Tool to remove corrupted parts of corrupt shards

[DaveCTurner]

Today, if we detect shard corruption then we mark the store as corrupt and refuse to open it again. If there are no replicas then you might be able to use Lucene’s CheckIndex to remove the corrupted segments, although this does not remove the corruption marker, requires knowledge of our filesystem layout, and might be tricky to do in a containerised or heavily automated environment. The only way forward via the API is to force the allocation of an empty primary which drops all the data in the shard. We have an index.shard.check_on_startup: fix setting but this is suboptimal for a couple of reasons:

• it’s index-wide and requires closing and verifying the whole index.
• it has no effect on shards that have a corruption marker, because the corruption marker is checked before this option takes effect.

(it also does nothing in versions 6.0 and above, but that's another story)

The Right Way™ to recover a corrupted shard is certainly to fail it and recover another copy from one of its replicas, assuming such a thing exists, but we’ve seen a couple of cases recently where a user was running without replicas, e.g. to do a bulk load of data (which we sorta suggest might be a good idea sometimes) and hit some corruption that they'd have preferred to recover from with a bit of data loss rather than by restarting the load or allocating an empty primary.

I propose removing the fix option of the index.shard.check_on_startup setting and instead adding another dangerous forced allocation command that can attempt to allocate a primary on top of a corrupt store by fixing the store and removing its corruption marker.

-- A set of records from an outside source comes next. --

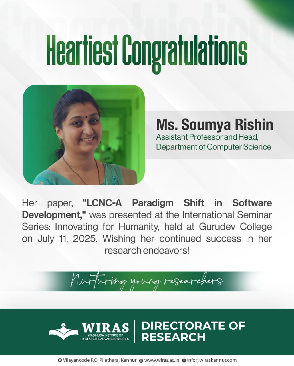 Ms. Soumya Rishin Presents Research at International Seminar...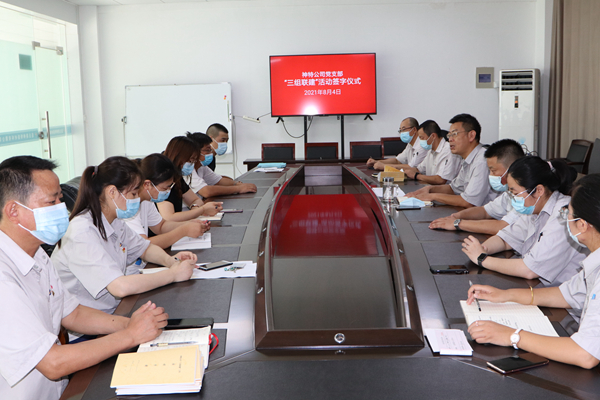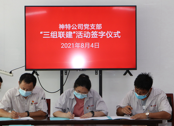8月4日上午,公司舉行“三組聯建”活動簽字儀式,黨小組、生產班組、工會小組的組長參加活動。活動由公司黨支部副書記袁忠主持。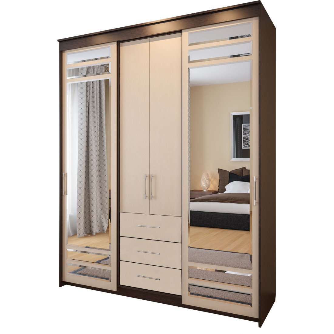 Хотите приобрети вместительный шкаф-купе, который сможет надежно хранить всю вашу одежду и обувь, при этом будем компактным и современным? Тогда обратите внимание на шкаф-купе ШК-05, который обладает всеми этими признаками. Он состоит из двух объемных отделений со штангами, в которых вашей одежде любой длины будет «удобно», нижних отделений для коробок с обувью, верхних полочек для головных уборов. Среднее отделение состоит из горизонтальных полочек и выдвижных ящиков. Оценить свой образ вы сможете в двух вертикальных зеркалах. Шкаф-купе ШК-05 может быть выполнен в трех модных цветовых решениях.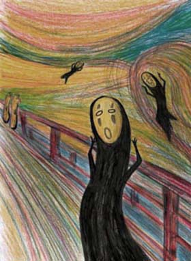 宮崎駿氏に影響を与えたアニメーション作品といえば、「白蛇伝」が有名である。漫画家を志望していた宮崎駿氏は、高校生の時「白蛇伝」を見て、コタツにうずくまって泣いたほどの衝撃を受けたという。しかし、宮崎氏が漫画家を志望することになったのは、小学生時代に見たムンクの影響である。すなわち、氏のルーツの中のルーツは、ムンクだったという訳だ。少年時代の宮崎駿氏がムンクに出会わなければ、「千尋」は生まれ得なかったと言える。いや、「千尋」どころか、ジブリそのものも生まれ得なかった。スタジオジブリの源流の中の源流は、ムンクなのであった。

/cc @tsouza @ywelsch re. this forum thread

---

Actual points and opened questions:

• Tool name: elasticsearch-shard with subcommand remove-corrupted-segments
  • the main goal is to fix corrupted index - the action is destructive - therefore no any fix or repair, avoid truncate as it is far from Lucene terminology
• Available options for remove-corrupted-segments:
  • --index-name index_name and --shard-id shard_id (mandatory)
    • alternative: -d path_to_index_folder or --dir path_to_index_folder
  • --dry-run do fast check without actual dropping of corrupted segments
  • no options means exorcise - interactive keyboard confirmation is required
• merge elasticsearch-translog into elasticsearch-shard
  • elasticsearch-translog becomes elasticsearch-shard truncate-translog
  • elasticsearch-translog has only -d option to specify folder - it would be nice to have --index-name index_name and --shard-id shard_id
• Exit immediately if there is no corruption marker file
  • for both cases
• actually missed segments are unrecoverable case with checkIndex
  • we leave it as unrecoverable case - with referring to how to allocate an empty shard
  • there is a room for improvement - LUCENE-6762.

[elasticmachine]

Pinging @elastic/es-distributed

[bleskes]

+1. That settings is dangerous :(

[DaveCTurner]

We (@elastic/es-distributed) discussed this today and decided:

• removing index.shard.check_on_startup: fix is the right thing to do.

• fixing a corrupted shard should not be done online, via the API, but we should have an offline tool, similar to the translog tool, that can fix it without requiring the user to descend into the filesystem by hand.

[vladimirdolzhenko]

It has been observed that index.shard.check_on_startup is broken since 6.0.0 and in fact no any other value rather true/false -

elasticsearch/server/src/main/java/org/elasticsearch/index/shard/IndexShard.java

Line 1292 in f04c579

if (Booleans.isTrue(checkIndexOnStartup)) {

[tsouza]

I don't think this is correct

elasticsearch/server/src/main/java/org/elasticsearch/index/shard/IndexShard.java

Line 1890 in f04c579

private void doCheckIndex() throws IOException {

UPDATE: It seems that method is dead code.